## Assigned task
Print, exactly as they stand, the lines below from the one that has "1. Мектеп директоры" to the one that has "Иностранный сайт Egypthardware.com", inclusive, leaving out the pictures.

Dataset items
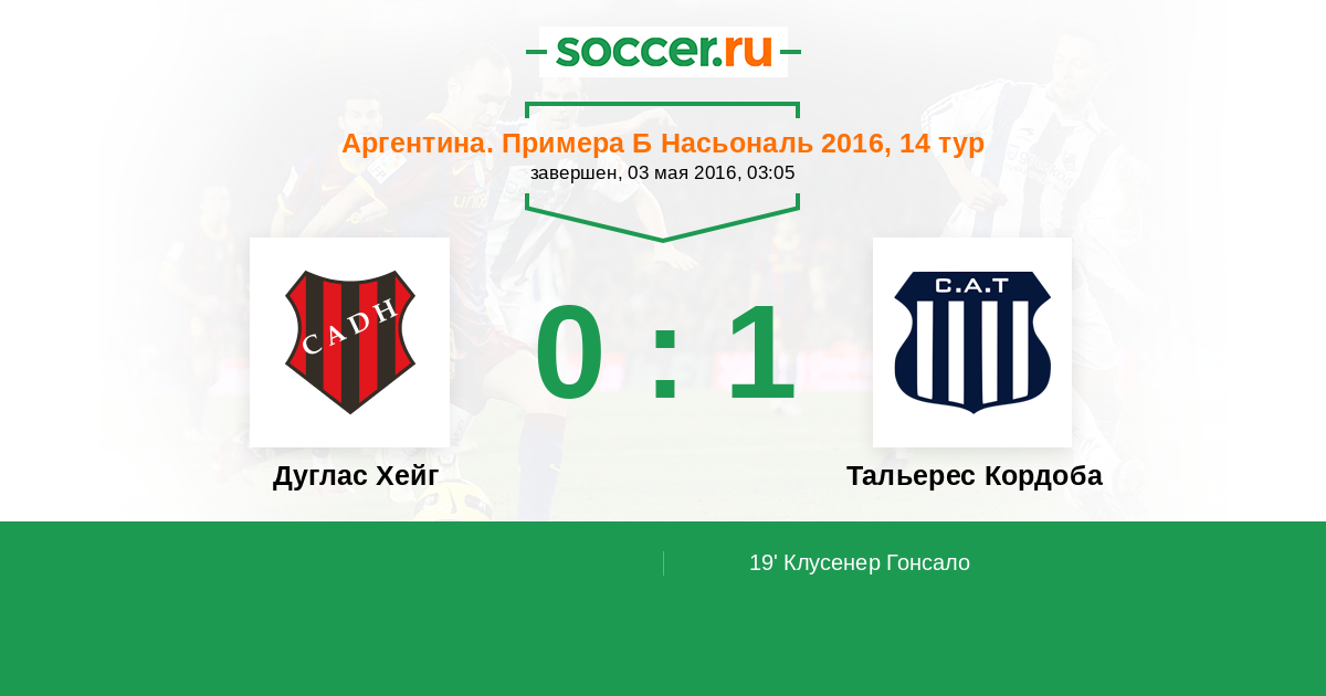 Протокол матча Дуглас Хейг против Тальерес Кордоба
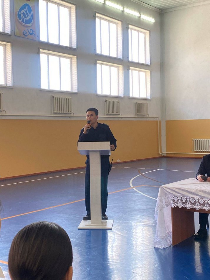1. Мектеп директоры А.Б.Касжанов сөз алып, күн тәртібіндегі бірінші мәселе бойынша оқушыларды хабардар етіп, ол өз сөзінде кәмелетке толмаған жасөспірімдердің құқықбұзушылық іс-әрекеттерінің алдын-алу, зорлық-зомбылық болдырмау туралы түсіндірме жұмыстарын жүргізу, оқиға орын алған жағдайда мектеп психологына, полицияға хабарласу керек екендігін ескертті.
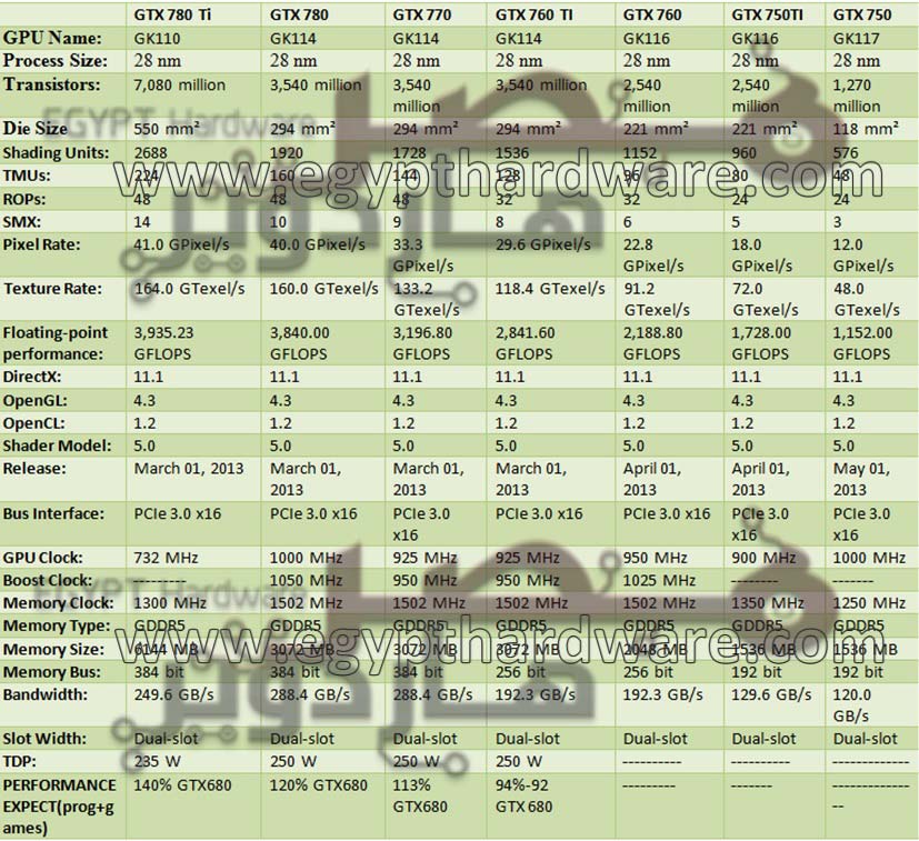Иностранный сайт Egypthardware.com опубликовал у себя табличку с внушительным списком видеокарт серии GeForce 700.
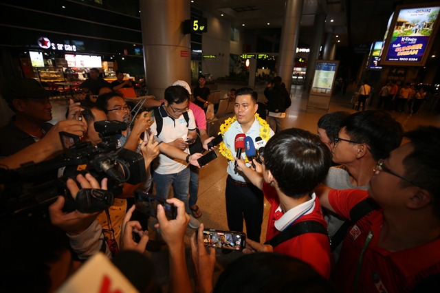 Lại Lý Huynh receives warm welcome after landing at Tân Sơn Nhất in HCM City. Photo Việt Nam Sports Team
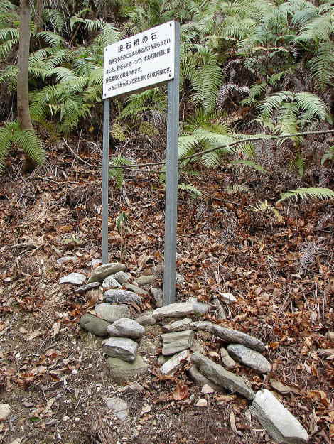 ![]() 釜床跡(かまとこあと) 北の斜面は石垣で築かれており、釜床には石組が1基残っているが、以前には数基並んでいた。 |
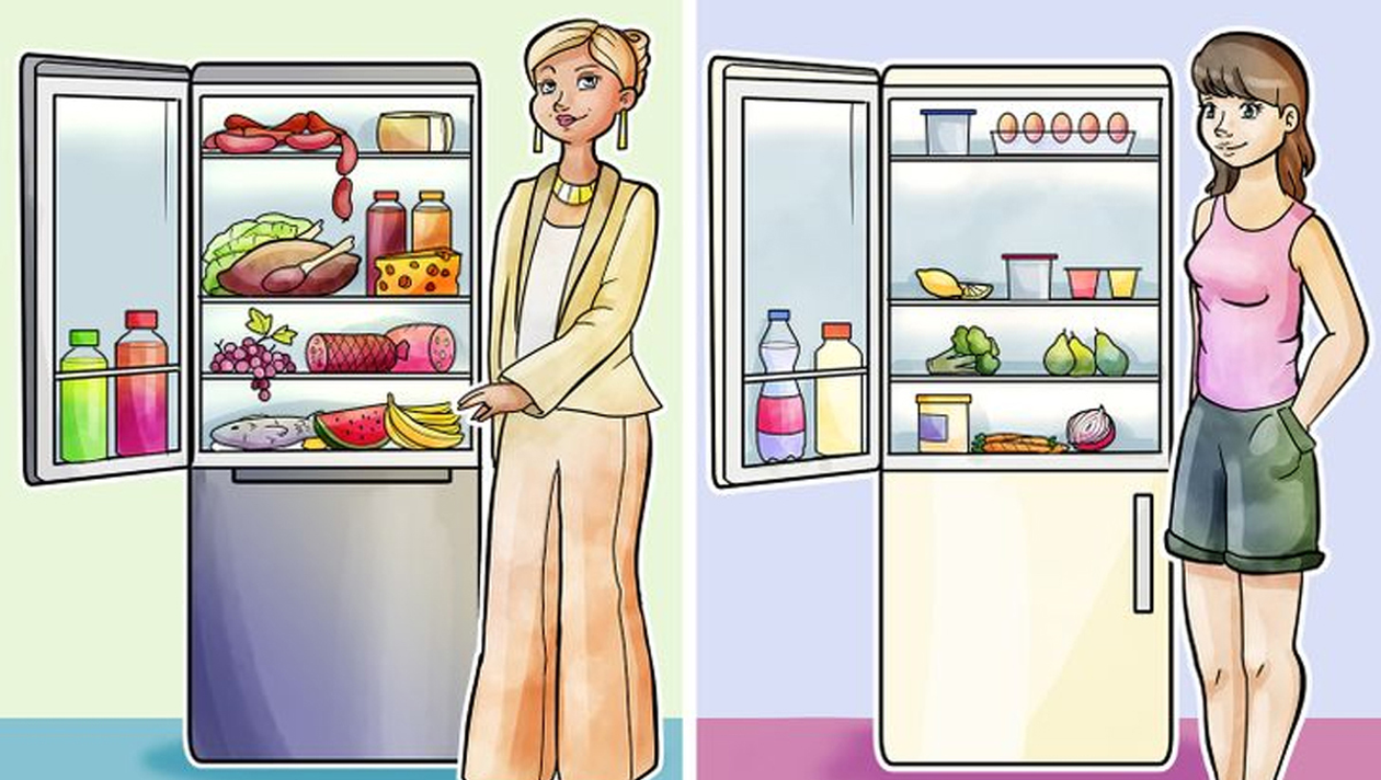 Personajul din stânga este înfățișat de o femeie îmbrăcată extrem de elegant, care își prezintă frigiderul plin cu sucuri, carne și fructe. În dreapta, avem o altă femeie, îmbrăcată în articole vestimentare sport, dar care prezintă alte alimente pe care le are în frigider. Însă, care este, de fapt, răspunsul corect?
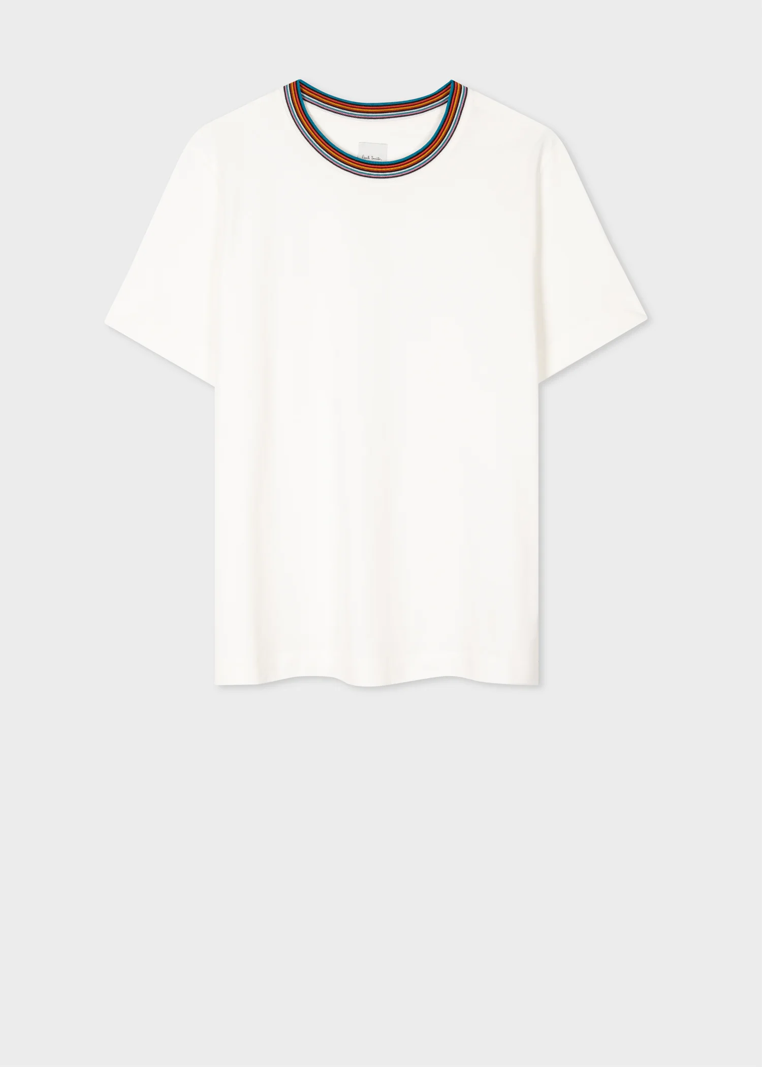 Made in Portugal from organically grown mercerised cotton, this crisp white T-shirt features our iconic 'Signature Stripe' on the collar - adding a flash of colour to this classic style. Complete with our Paul Smith signature logo on the back. The Fit - Regular-Fit is relaxed through the body. Product Code: W1R-059VB-N00084-01

## Exercise output
1. Мектеп директоры А.Б.Касжанов сөз алып, күн тәртібіндегі бірінші мәселе бойынша оқушыларды хабардар етіп, ол өз сөзінде кәмелетке толмаған жасөспірімдердің құқықбұзушылық іс-әрекеттерінің алдын-алу, зорлық-зомбылық болдырмау туралы түсіндірме жұмыстарын жүргізу, оқиға орын алған жағдайда мектеп психологына, полицияға хабарласу керек екендігін ескертті.
Иностранный сайт Egypthardware.com опубликовал у себя табличку с внушительным списком видеокарт серии GeForce 700.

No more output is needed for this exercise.